What you will do ->
Restate the entries below exactly, and keep all images out of the answer.

[[ Data supplied, beginning ]]

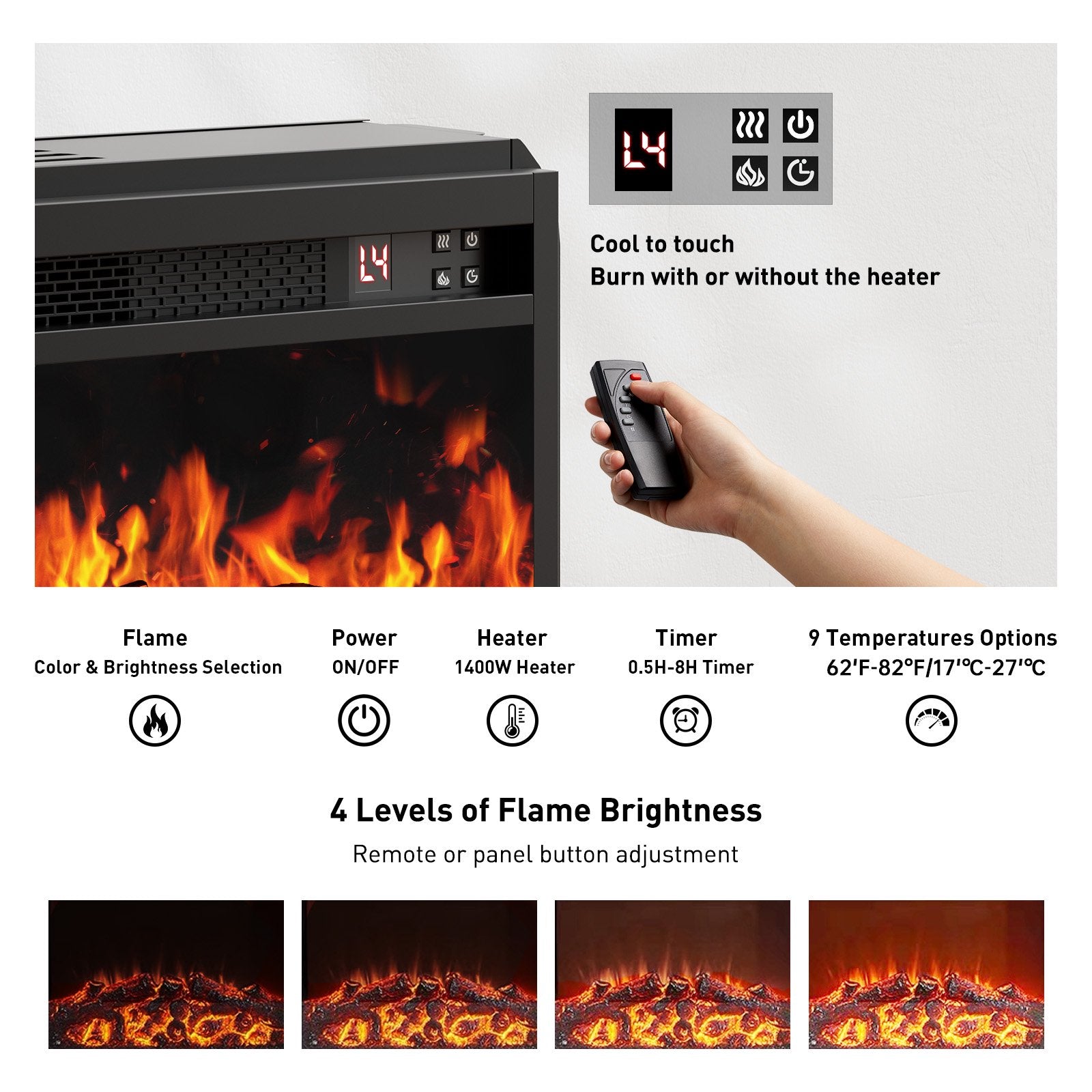 23 Inch Electric Fireplace with Remote Control: CHITOOMA fireplace heaters feature realistic 3D flame effects, glowing logs, and embers. 5000 BTU, heat up in just 5s! Heating for up to 400 Sq.ft. Also, the faux flame effect can be burned with or without heat, creating a warm and dreamlike atmosphere all year round. You can freely control the power switch and easily adjust the flame brightness, temperature, and timer with the included remote control or operating panel.
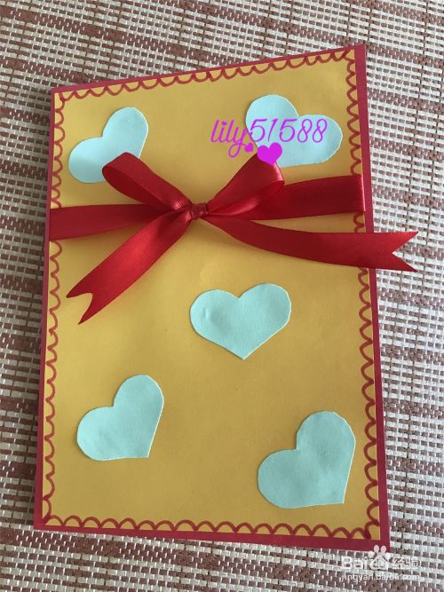 最后把爱心粘在橙色纸的上面,就全部做完成了。
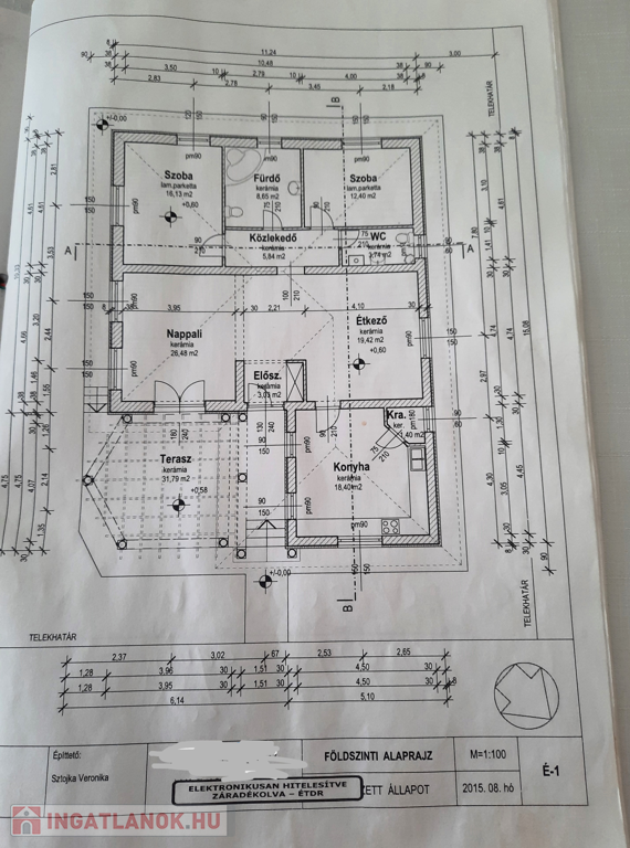 1. lakás 3 db 8nm szoba, 15nm szoba, gardróbszoba, zuhany, 22nm konyha-nappali- étkező együttese.
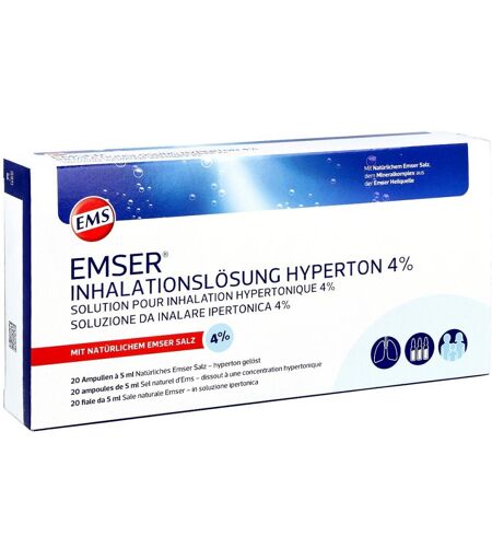 Emser Inhalationslösung Hyperton 4% eignet sich außerdem als Trägerlösung zur Inhalation von Arzneimitteln, siehe die Hinweise in der Gebrauchsanleitung.
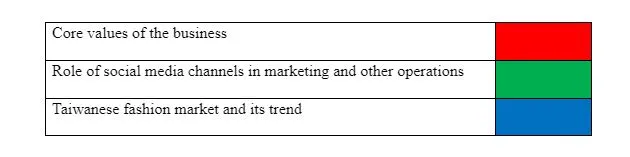 To analyze the aims and objectives of the study, the main areas that are focused on in the study include core values of the business, the role of social media channels for marketing as well as other operations, and the Taiwanese fashion market along with the trends. Different colors are allotted to every theme that is identified in the study. Below are the findings of the study that would help in understanding the way by which online celebrities shape the Taiwanese fashion industry. There were two respondents in the interviews that are Julia and Bonnie. The focused group interview sessions are also being conducted in which there are several respondents were involved.
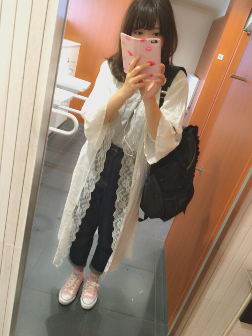 暑いです〜〜😭😭 去年買ったw closetのガウンを久しぶりに着てみました♡ tシャツ楽チンだいすき!!!
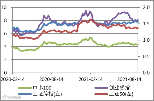 海外疫情有见顶回落迹象,若新的毒株带来新的反复,经济可能超预期下行;美联储即将释放Tapper信号,若后续加息和退出QE节奏超预期,可能导致全球股市承压波及国内市场;若中美关系再次恶化,可能影响风险偏好。
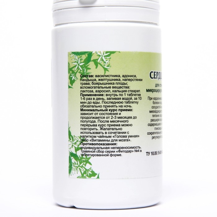Состав: адониса, василистника трава, березы, наперстянки листья, боярышника плоды, вспомогательные вещества: лактоза, аэросил, кальция стеарат.
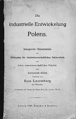 Julius Wolf wurde ihr Doktorvater. Er bezeichnete sie 1924 als „begabtesten“ seiner Studenten in Zürich.[16] Im Mai 1897 wurde Rosa Luxemburg in Zürich mit dem Prädikat magna cum laude zum Thema Polens industrielle Entwicklung promoviert. Mit empirischem Material aus Bibliotheken und Archiven von Berlin, Paris, Genf und Zürich suchte sie nachzuweisen, dass Russisch-Polen seit 1846 in den russischen Kapitalmarkt eingebunden und sein Wirtschaftswachstum vollständig von diesem abhängig sei. Damit wollte sie die Ansicht, die Wiederherstellung der nationalen Unabhängigkeit Polens sei illusorisch, mit ökonomischen Fakten untermauern, ohne explizit marxistisch zu argumentieren. Nach der Veröffentlichung wollte Rosa Luxemburg darauf aufbauend eine Wirtschaftsgeschichte Polens verfassen; das von ihr öfter erwähnte Manuskript dazu ging verloren, wurde aber nach ihrer Aussage in Erläuterungen von Franz Mehring zu von ihm herausgegebenen Marx-Texten teilweise verarbeitet.[27]
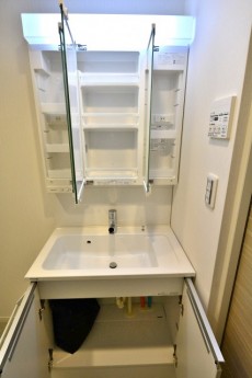 洗面台は新規に取り替えているので、とても綺麗です。シンクの右側にカウンターがあるので、お出かけ準備の際はここに色々置けて便利です(*^^)v
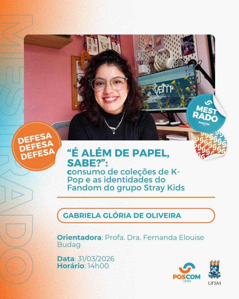 O Programa de Pós-Graduação em Comunicação divulga a banca de defesa de mestrado da aluna Gabriela Glória de Oliveira, com o título “’É Além de Papel, Sabe?’: Consumo de Coleções de K-Pop e as Identidades do Fandom do Grupo Stray Kids”, que ocorrerá no dia 31 de março de 2026, às 14 horas, de forma online. Para acesso à sala de videoconferência, solicitar por e-mail para fernanda.budag@ufsm.br até 30/03/2026.
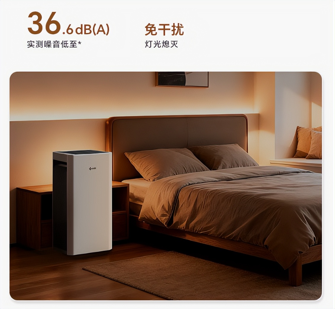 三、暖气房友好细节:静音节能,24小时开无负担1. 静音无光,不扰夜眠睡眠档噪音实测36.6dB,仅比翻书声略轻,贴床头1米外完全无感知。搭配超敏光感息屏,关灯后1秒自动熄屏,无噪音无强光污染,浅眠者和宝宝家庭可安心24小时开启。
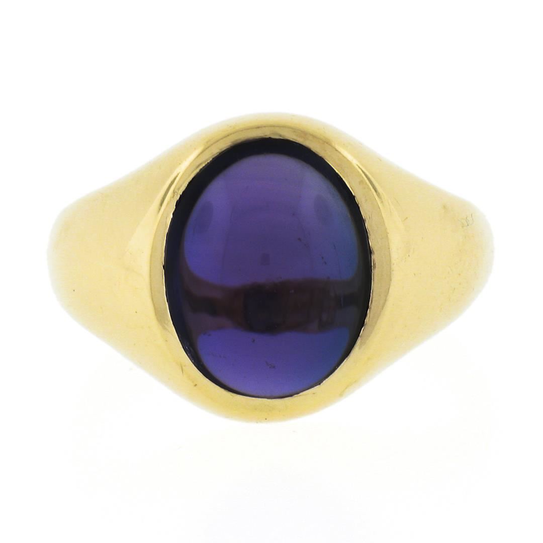 A vintage solid 9k yellow gold solitaire ring, with 1 oval cabochon cut natural amethyst (9.6x7.6mm). The ring is size 4.5, weighs a total of 2.82 grams, and measures 11.8mm wide.
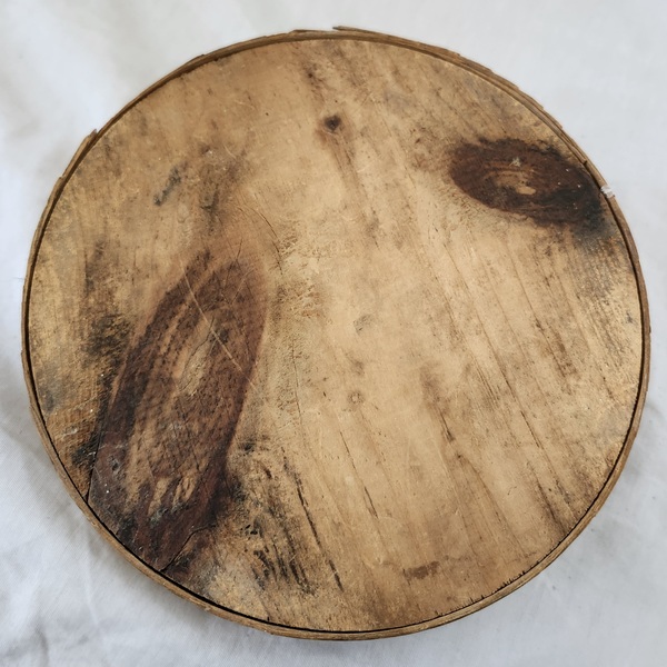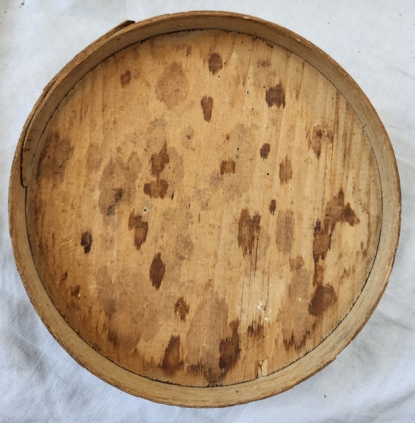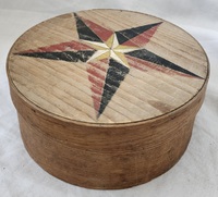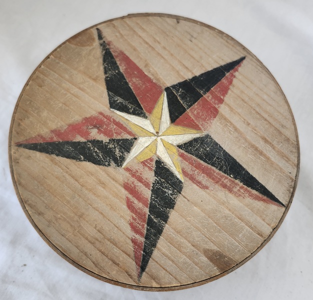 For sale is a unique antique folk art pantry box that I acquired in Iowa. On the lid, there is a painted double star design, with the larger star completed in red and black, and the smaller star in the center done in yellow and white. It also appears that the background of the lid has been very lightly whitewashed, and the rest of the box has been left unpainted. It measures about 6 1/2" in diameter and 2 3/4" tall, and is in nice antique condition with a warm aged patina, minor paint wear, and a bit of wear around the bottom of the box, but ho chips, cracks, or other issues. It should also be noted that there are numerous spots on the interior of both the box and lid, but I don't know what was in there that would have done that lol. Please look carefully at the pictures, and contact me with any questions or for additional photos.

[[ Data supplied, end ]]

Final answer ->
 23 Inch Electric Fireplace with Remote Control: CHITOOMA fireplace heaters feature realistic 3D flame effects, glowing logs, and embers. 5000 BTU, heat up in just 5s! Heating for up to 400 Sq.ft. Also, the faux flame effect can be burned with or without heat, creating a warm and dreamlike atmosphere all year round. You can freely control the power switch and easily adjust the flame brightness, temperature, and timer with the included remote control or operating panel.
 最后把爱心粘在橙色纸的上面,就全部做完成了。
 1. lakás 3 db 8nm szoba, 15nm szoba, gardróbszoba, zuhany, 22nm konyha-nappali- étkező együttese.
 Emser Inhalationslösung Hyperton 4% eignet sich außerdem als Trägerlösung zur Inhalation von Arzneimitteln, siehe die Hinweise in der Gebrauchsanleitung.
 To analyze the aims and objectives of the study, the main areas that are focused on in the study include core values of the business, the role of social media channels for marketing as well as other operations, and the Taiwanese fashion market along with the trends. Different colors are allotted to every theme that is identified in the study. Below are the findings of the study that would help in understanding the way by which online celebrities shape the Taiwanese fashion industry. There were two respondents in the interviews that are Julia and Bonnie. The focused group interview sessions are also being conducted in which there are several respondents were involved.
 暑いです〜〜😭😭 去年買ったw closetのガウンを久しぶりに着てみました♡ tシャツ楽チンだいすき!!!
 海外疫情有见顶回落迹象,若新的毒株带来新的反复,经济可能超预期下行;美联储即将释放Tapper信号,若后续加息和退出QE节奏超预期,可能导致全球股市承压波及国内市场;若中美关系再次恶化,可能影响风险偏好。
Состав: адониса, василистника трава, березы, наперстянки листья, боярышника плоды, вспомогательные вещества: лактоза, аэросил, кальция стеарат.
 Julius Wolf wurde ihr Doktorvater. Er bezeichnete sie 1924 als „begabtesten“ seiner Studenten in Zürich.[16] Im Mai 1897 wurde Rosa Luxemburg in Zürich mit dem Prädikat magna cum laude zum Thema Polens industrielle Entwicklung promoviert. Mit empirischem Material aus Bibliotheken und Archiven von Berlin, Paris, Genf und Zürich suchte sie nachzuweisen, dass Russisch-Polen seit 1846 in den russischen Kapitalmarkt eingebunden und sein Wirtschaftswachstum vollständig von diesem abhängig sei. Damit wollte sie die Ansicht, die Wiederherstellung der nationalen Unabhängigkeit Polens sei illusorisch, mit ökonomischen Fakten untermauern, ohne explizit marxistisch zu argumentieren. Nach der Veröffentlichung wollte Rosa Luxemburg darauf aufbauend eine Wirtschaftsgeschichte Polens verfassen; das von ihr öfter erwähnte Manuskript dazu ging verloren, wurde aber nach ihrer Aussage in Erläuterungen von Franz Mehring zu von ihm herausgegebenen Marx-Texten teilweise verarbeitet.[27]
 洗面台は新規に取り替えているので、とても綺麗です。シンクの右側にカウンターがあるので、お出かけ準備の際はここに色々置けて便利です(*^^)v
 O Programa de Pós-Graduação em Comunicação divulga a banca de defesa de mestrado da aluna Gabriela Glória de Oliveira, com o título “’É Além de Papel, Sabe?’: Consumo de Coleções de K-Pop e as Identidades do Fandom do Grupo Stray Kids”, que ocorrerá no dia 31 de março de 2026, às 14 horas, de forma online. Para acesso à sala de videoconferência, solicitar por e-mail para fernanda.budag@ufsm.br até 30/03/2026.
 三、暖气房友好细节:静音节能,24小时开无负担1. 静音无光,不扰夜眠睡眠档噪音实测36.6dB,仅比翻书声略轻,贴床头1米外完全无感知。搭配超敏光感息屏,关灯后1秒自动熄屏,无噪音无强光污染,浅眠者和宝宝家庭可安心24小时开启。
 A vintage solid 9k yellow gold solitaire ring, with 1 oval cabochon cut natural amethyst (9.6x7.6mm). The ring is size 4.5, weighs a total of 2.82 grams, and measures 11.8mm wide.
 For sale is a unique antique folk art pantry box that I acquired in Iowa. On the lid, there is a painted double star design, with the larger star completed in red and black, and the smaller star in the center done in yellow and white. It also appears that the background of the lid has been very lightly whitewashed, and the rest of the box has been left unpainted. It measures about 6 1/2" in diameter and 2 3/4" tall, and is in nice antique condition with a warm aged patina, minor paint wear, and a bit of wear around the bottom of the box, but ho chips, cracks, or other issues. It should also be noted that there are numerous spots on the interior of both the box and lid, but I don't know what was in there that would have done that lol. Please look carefully at the pictures, and contact me with any questions or for additional photos.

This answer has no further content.